The process is simple: we will build a loss function that maximizes the value of a given filter in a given convolution layer, then we will use stochastic gradient descent to adjust the values of the input image so as to maximize this activation value


In [26]:
layer_output = model.get_layer(layer_name).output
loss = K.mean(layer_output[:, :, :, filter_index])

In [27]:
# The call to `gradients` returns a list of tensors (of size 1 in this case)
# hence we only keep the first element -- which is a tensor.
grads = K.gradients(loss, model.input)[0]

In [28]:
# We add 1e-5 before dividing so as to avoid accidentally dividing by 0.
grads /= (K.sqrt(K.mean(K.square(grads))) + 1e-5)

In [29]:
iterate = K.function([model.input], [loss, grads])

# Let's test it:
import numpy as np
loss_value, grads_value = iterate([np.zeros((1, 150, 150, 3))])

In [30]:
# We start from a gray image with some noise
input_img_data = np.random.random((1, 150, 150, 3)) * 20 + 128.

In [31]:
input_img_data.shape


Out[31]:
(1, 150, 150, 3)

In [32]:
plt.matshow(input_img_data[0, :, :, 0], 
            cmap = 'viridis')
plt.show()



In [33]:
# Run gradient ascent for 40 steps
step = 1.  # this is the magnitude of each gradient update
for i in range(40):
    # Compute the loss value and gradient value
    loss_value, grads_value = iterate([input_img_data])
    # Here we adjust the input image in the direction that maximizes the loss
    input_img_data += grads_value * step

The resulting image tensor will be a floating point tensor of shape (1, 150, 150, 3), with values that may not be integer within [0, 255]. Hence we would need to post-process this tensor to turn it into a displayable image.

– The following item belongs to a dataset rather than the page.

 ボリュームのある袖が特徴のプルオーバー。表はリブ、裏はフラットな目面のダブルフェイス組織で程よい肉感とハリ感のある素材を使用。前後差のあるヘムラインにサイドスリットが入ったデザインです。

We do it with the following straightforward utility function:


In [34]:
def deprocess_image(x):
    # normalize tensor: center on 0., ensure std is 0.1
    x -= x.mean()
    x /= (x.std() + 1e-5)
    x *= 0.1

    # clip to [0, 1]
    x += 0.5
    x = np.clip(x, 0, 1)

    # convert to RGB array
    x *= 255
    x = np.clip(x, 0, 255).astype('uint8')
    return x

In [35]:
def generate_pattern(layer_name, filter_index, size=150):
    # Build a loss function that maximizes the activation
    # of the nth filter of the layer considered.
    layer_output = model.get_layer(layer_name).output
    loss = K.mean(layer_output[:, :, :, filter_index])

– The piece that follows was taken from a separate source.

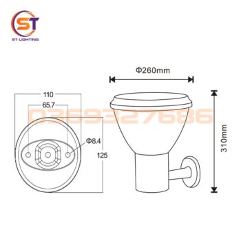 Kích thước đèn Φ260 x 310 mm

    # Compute the gradient of the input picture wrt this loss
    grads = K.gradients(loss, model.input)[0]

    # Normalization trick: we normalize the gradient
    grads /= (K.sqrt(K.mean(K.square(grads))) + 1e-5)

    # This function returns the loss and grads given the input picture
    iterate = K.function([model.input], [loss, grads])
    
    # We start from a gray image with some noise
    input_img_data = np.random.random((1, size, size, 3)) * 20 + 128.

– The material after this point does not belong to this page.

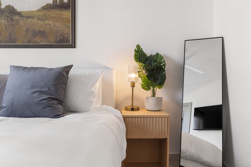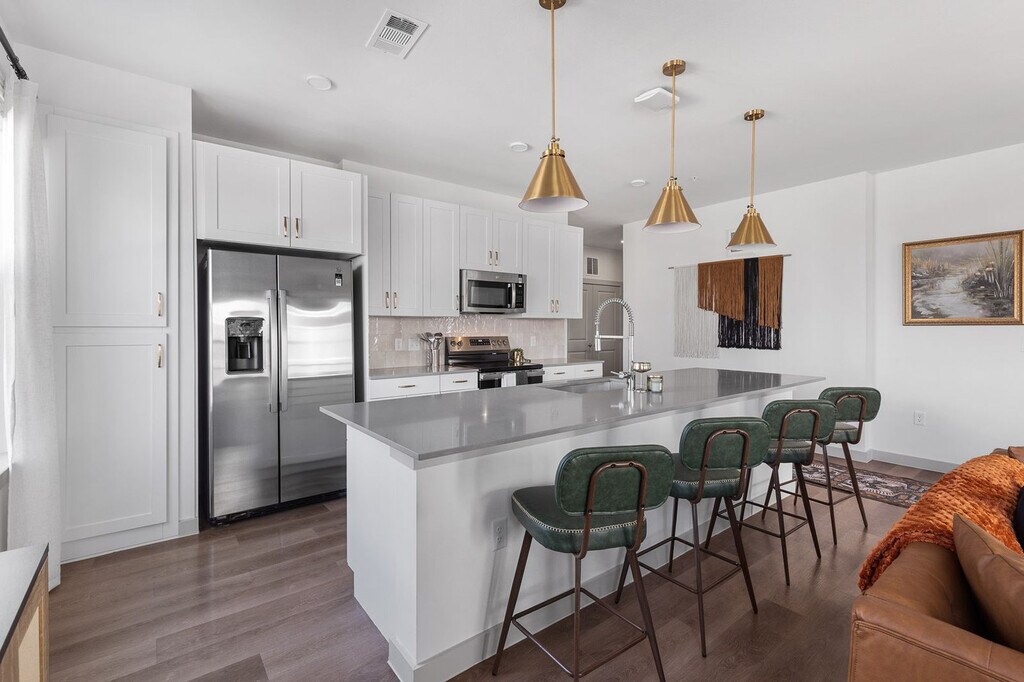 The advertised rate of $3,330/month is the lowest available price, based on a 30 day(s) stay with a move-in date of May 21, 2026. Rates vary depending on the duration of stay, season, and other parameters. For exact pricing and additional pricing components, please visit our website and enter your desired move-in and move-out dates. The rate is applicable when billed upfront; it can be higher if billed in multiple payments. Feel at home in this refined ground-level 2-bedroom, 2-bath residence with direct patio access. This residence blends contemporary design with warm, inviting finishes. The open-concept layout creates a seamless connection between the kitchen, dining, and living areas, offering both comfort and functionality. The kitchen features quartz countertops, sleek cabinetry, stainless steel appliances, and a generously sized island with bar seating. We provide instant coffee and an electric kettle. The living area is spacious and thoughtfully arranged, with large windows allowing natural light to fill the space. An in-unit washer and dryer add convenience. Paid parking is available. This home offers effortless indoor-outdoor living. Quiet hours are between 9pm and 9am, and there is a $200 fee for noise disruptions, with possible removal from the property. If you smoke in the apartment, hallways, or common areas, or if cigarette butts are left on the grounds, you will be charged an additional fee of $1,000 for deep cleaning and odor abatement. Pets are allowed for an additional cleaning fee of $50, but no aggressive breeds are permitted. Check-in is after 4:00 pm and check-out is before 11:00 am. [SI]

    # Run gradient ascent for 40 steps
    step = 1.
    for i in range(40):
        loss_value, grads_value = iterate([input_img_data])
        input_img_data += grads_value * step
        
    img = input_img_data[0]
    return deprocess_image(img)

In [36]:
plt.imshow(generate_pattern('block3_conv1', 0))
plt.show()



In [37]:
# Visualizing every single filter in every layer
for layer_name in ['block1_conv1', 'block2_conv1', 'block3_conv1', 'block4_conv1']:
    size = 64
    margin = 5

    # This a empty (black) image where we will store our results.
    results = np.zeros((8 * size + 7 * margin, 8 * size + 7 * margin, 3))

    for i in range(8):  # iterate over the rows of our results grid
        for j in range(8):  # iterate over the columns of our results grid
            # Generate the pattern for filter `i + (j * 8)` in `layer_name`
            filter_img = generate_pattern(layer_name, i + (j * 8), 
                                          size = size)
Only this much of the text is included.